> Supplied material:
◆ ◆ ◆ ◆ ◆ ◆ ◆
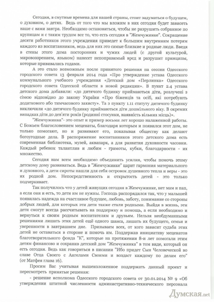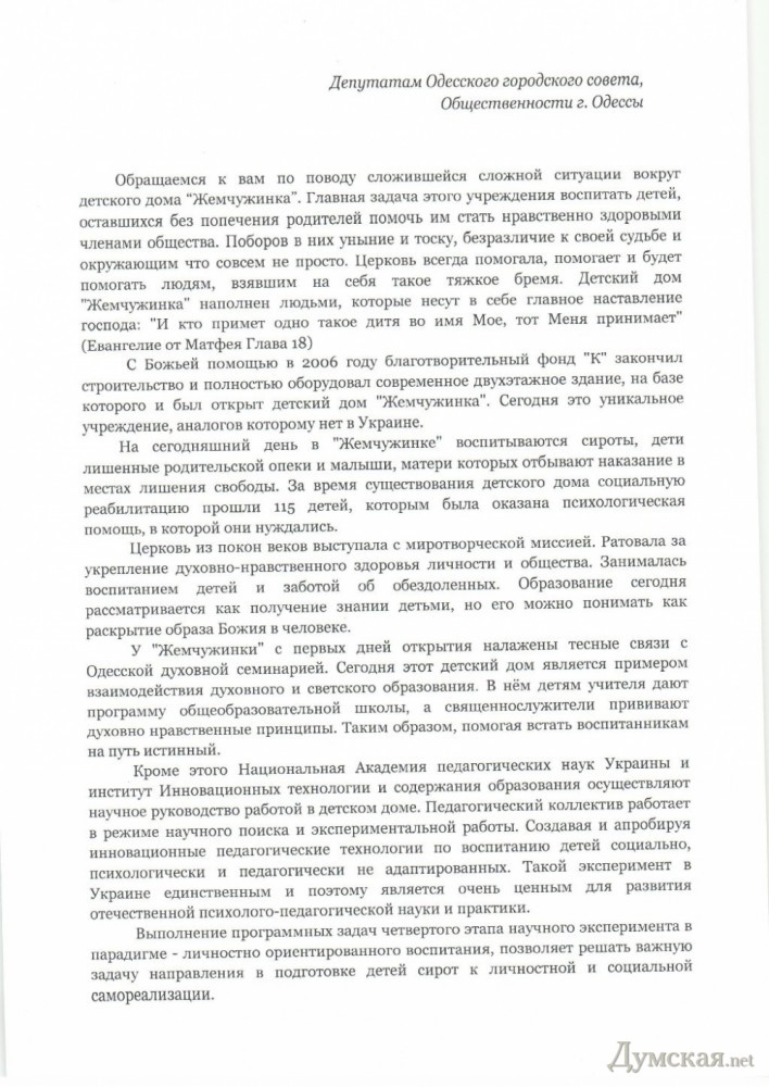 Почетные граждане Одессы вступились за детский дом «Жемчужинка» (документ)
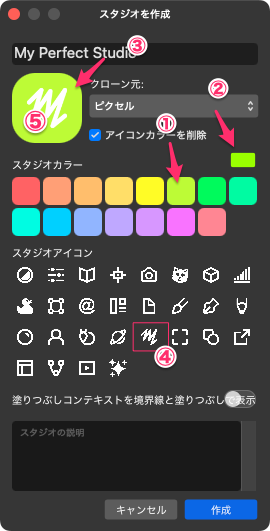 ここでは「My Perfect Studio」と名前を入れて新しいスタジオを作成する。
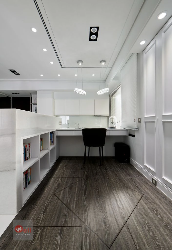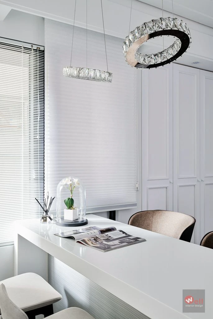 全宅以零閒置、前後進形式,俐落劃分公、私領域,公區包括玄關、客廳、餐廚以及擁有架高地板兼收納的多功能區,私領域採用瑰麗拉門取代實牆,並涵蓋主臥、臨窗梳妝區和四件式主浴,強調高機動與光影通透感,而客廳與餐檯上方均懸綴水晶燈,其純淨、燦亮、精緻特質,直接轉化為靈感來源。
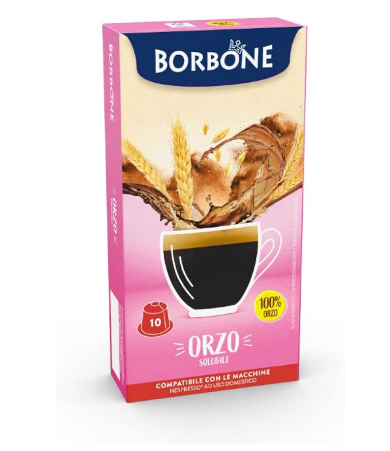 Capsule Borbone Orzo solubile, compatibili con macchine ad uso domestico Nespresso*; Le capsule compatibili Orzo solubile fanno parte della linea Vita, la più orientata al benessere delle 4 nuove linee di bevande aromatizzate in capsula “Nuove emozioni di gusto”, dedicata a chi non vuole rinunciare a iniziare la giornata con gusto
◆ ◆ ◆ ◆ ◆ ◆ ◆
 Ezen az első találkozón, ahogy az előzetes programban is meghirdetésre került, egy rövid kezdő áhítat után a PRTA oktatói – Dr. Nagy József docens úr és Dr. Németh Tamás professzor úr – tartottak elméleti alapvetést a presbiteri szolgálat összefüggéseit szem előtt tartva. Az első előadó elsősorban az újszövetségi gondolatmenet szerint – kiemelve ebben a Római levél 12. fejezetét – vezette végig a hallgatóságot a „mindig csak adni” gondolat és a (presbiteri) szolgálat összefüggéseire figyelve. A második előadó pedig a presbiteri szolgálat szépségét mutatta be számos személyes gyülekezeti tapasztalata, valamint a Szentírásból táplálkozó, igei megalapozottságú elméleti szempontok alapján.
◆ ◆ ◆ ◆ ◆ ◆ ◆
> Task prompt:
Exactly the lines above from the one that contains "Почетные граждане Одессы" down to the one that contains "Capsule Borbone Orzo" are to be output, both ends kept and pictures omitted.

> Exercise result:
 Почетные граждане Одессы вступились за детский дом «Жемчужинка» (документ)
 ここでは「My Perfect Studio」と名前を入れて新しいスタジオを作成する。
 全宅以零閒置、前後進形式,俐落劃分公、私領域,公區包括玄關、客廳、餐廚以及擁有架高地板兼收納的多功能區,私領域採用瑰麗拉門取代實牆,並涵蓋主臥、臨窗梳妝區和四件式主浴,強調高機動與光影通透感,而客廳與餐檯上方均懸綴水晶燈,其純淨、燦亮、精緻特質,直接轉化為靈感來源。
 Capsule Borbone Orzo solubile, compatibili con macchine ad uso domestico Nespresso*; Le capsule compatibili Orzo solubile fanno parte della linea Vita, la più orientata al benessere delle 4 nuove linee di bevande aromatizzate in capsula “Nuove emozioni di gusto”, dedicata a chi non vuole rinunciare a iniziare la giornata con gusto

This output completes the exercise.